Switching to regular gear
To continue living on the brink is not a good idea. The first step to moving over to a regular life is ensuring regular cash flow. Extensive saving over a period of time and treating all your savings as capital, which can give you regular income, may work.
“If you invest your money in a POMIS (Post Office Monthly Income Scheme), or a monthly income plan of a mutual fund or in a bank fixed deposit or other debt instruments that make periodic payments can help you regularize your income. But in this case since your investments are in debt, you are compromising on growth,” says Gaurav Mashruwala, a Mumbai based financial planner.
Another avenue is real estate. Rental income from the property you acquire will add to your regular income. “However, buy a property only if you can pay for it upfront,” adds Bringarde.
Securing your future
Like those with a regular income, individuals with irregular income, too, need to cater to goals, such as retirement and children’s marriage or education.

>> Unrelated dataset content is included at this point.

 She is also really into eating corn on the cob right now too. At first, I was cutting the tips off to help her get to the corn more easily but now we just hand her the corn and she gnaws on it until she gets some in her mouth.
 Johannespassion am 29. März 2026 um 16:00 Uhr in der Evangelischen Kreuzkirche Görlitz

Depending on the time frame of your goals, invest any windfall gains in a combination of debt and equity mutual funds. If you want to secure the future of your children, gold should be an important component of your portfolio.

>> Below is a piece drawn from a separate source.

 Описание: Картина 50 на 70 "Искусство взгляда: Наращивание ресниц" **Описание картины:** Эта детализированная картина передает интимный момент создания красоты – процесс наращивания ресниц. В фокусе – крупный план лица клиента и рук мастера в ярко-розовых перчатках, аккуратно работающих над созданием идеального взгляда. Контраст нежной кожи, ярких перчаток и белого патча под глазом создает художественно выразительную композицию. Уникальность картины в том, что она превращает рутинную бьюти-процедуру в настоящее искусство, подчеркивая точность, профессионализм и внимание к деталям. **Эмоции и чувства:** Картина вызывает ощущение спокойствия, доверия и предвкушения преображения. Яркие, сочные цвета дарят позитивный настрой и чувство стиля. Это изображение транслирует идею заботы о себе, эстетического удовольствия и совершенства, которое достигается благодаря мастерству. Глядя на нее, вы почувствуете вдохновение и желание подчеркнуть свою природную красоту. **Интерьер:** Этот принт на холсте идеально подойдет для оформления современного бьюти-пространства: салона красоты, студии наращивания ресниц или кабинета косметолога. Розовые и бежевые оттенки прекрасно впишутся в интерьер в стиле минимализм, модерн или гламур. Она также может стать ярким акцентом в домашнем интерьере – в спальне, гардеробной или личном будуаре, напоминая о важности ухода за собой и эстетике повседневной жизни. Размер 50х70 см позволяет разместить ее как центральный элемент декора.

Lump sum investments make more sense; you may not be able to service instalments. “Avoid enrolling for an SIP (systematic investment plan), or buying regular premium insurance plans,” says Bringarde.
For long-term goals, such as retirement, funds should be stashed away in equities. “Although the stock markets are volatile in the short term, this volatility gets balanced out in the long term and you get inflation-proof returns,” says Bringarde. However, readjust your portfolio and make it debt-heavy as you approach retirement.

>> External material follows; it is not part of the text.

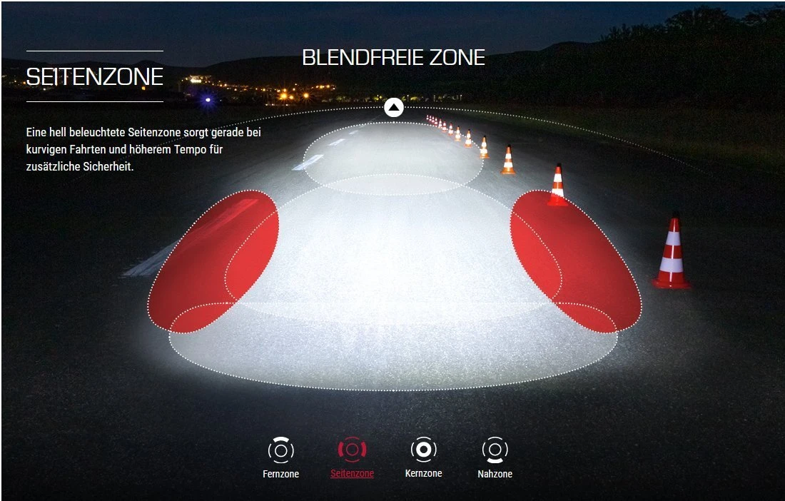 Mit einem homogenen Lichtbild bietet die AURA 80 USB optimale Sicht im Fern-, Seiten-, Kern- und Nahbereich, ohne dabei andere Verkehrsteilnehmer zu blenden. Damit gewährleistet sie höchste Sicherheit im Straßenverkehr.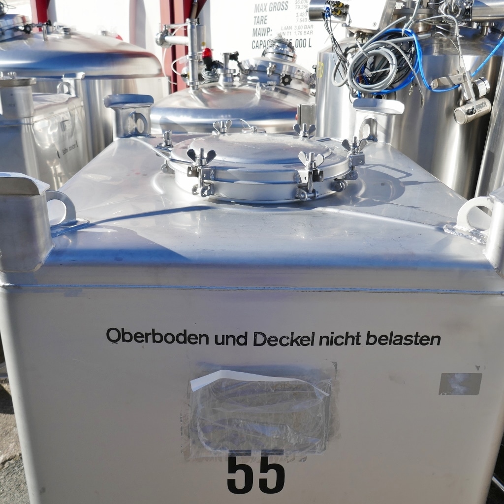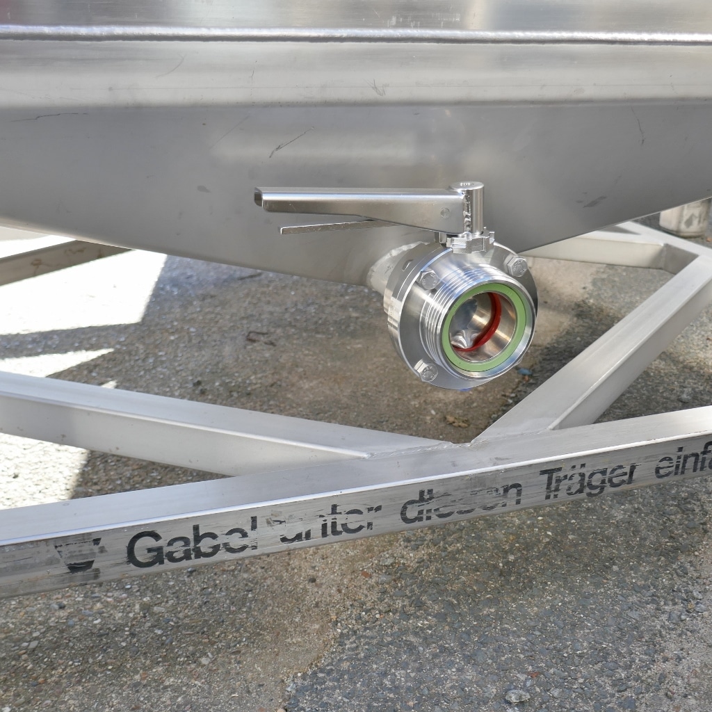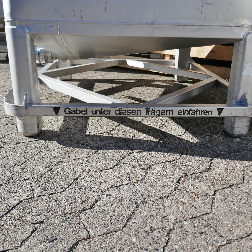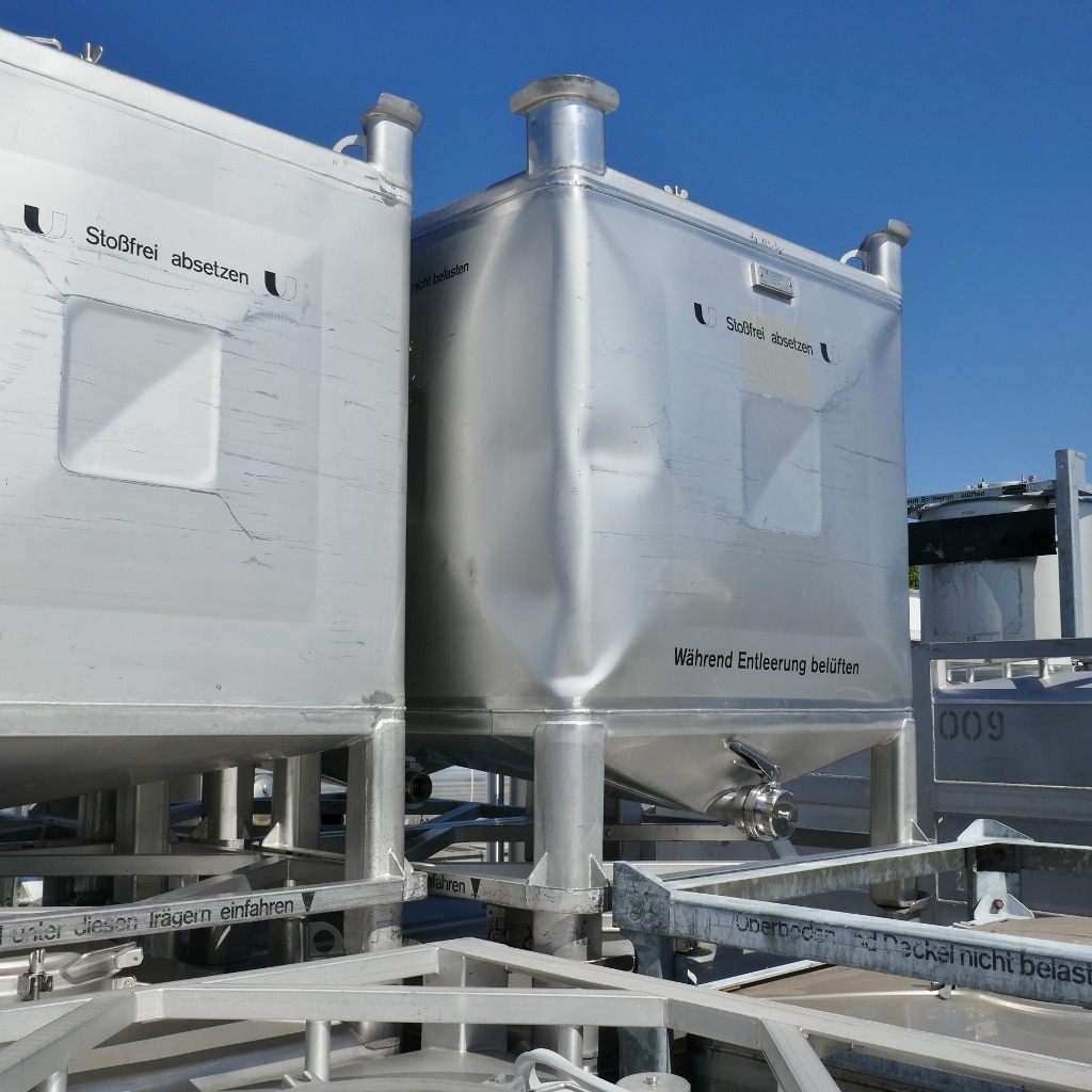 1000 liter tank i Rostfritt 304 är en industriell tank som möter kraven inom kemikaliehantering. Kombinationen av volym: 1000 liter, begagnad, med ett arbetstryck på ATM - atmosferic, vätskeberörd yta: SS AISI 304 (V2A), konfiguration: single-skin, stationär tank, total urtappning finns, utan dokumentation, utan teknisk ritning, med märkskylt, utan fläns för omrörare, modell: Vertikal, tillverkad i Rostfritt 304, utan omrörare, utan uppvärmning/kylning, utan isolering, total höjd: 1.500 mm, vikt: 130 kg och genomtänkt design ger minimalt underhåll.

A life insurance is must for everyone, who has a dependant. But for those who have sporadic income, a health insurance and critical care insurance assume a lot more importance.
Moreover, ensure you opt for a cashless facility. “A person with irregular income has no idea when his next paycheck will come in, so best use the cashless facility and save the emergency fund for a rainy day,” says Dani.
Entrepreneurs should insure their business, too.
Avoid taking loans because you don’t know when repayment could become a problem. If you must take a loan, look for the bank overdraft (OD) facility. This loan charges an interest only for the amount and duration you use the funds. Such products are available even for a home loan. “If you need a home loan, then opt for a product that offers a combination of OD facilities and equated monthly instalments (EMIs) and keep the EMI component minimum,” says Mashruwala.
Since you will not be able to produce a regular income slip, it’s good a practice to maintain your business accounts well as your firm’s revenue documents will help facilitate your loans.
Last, but not the least, taking help of a financial planner may help you put your financial life on track.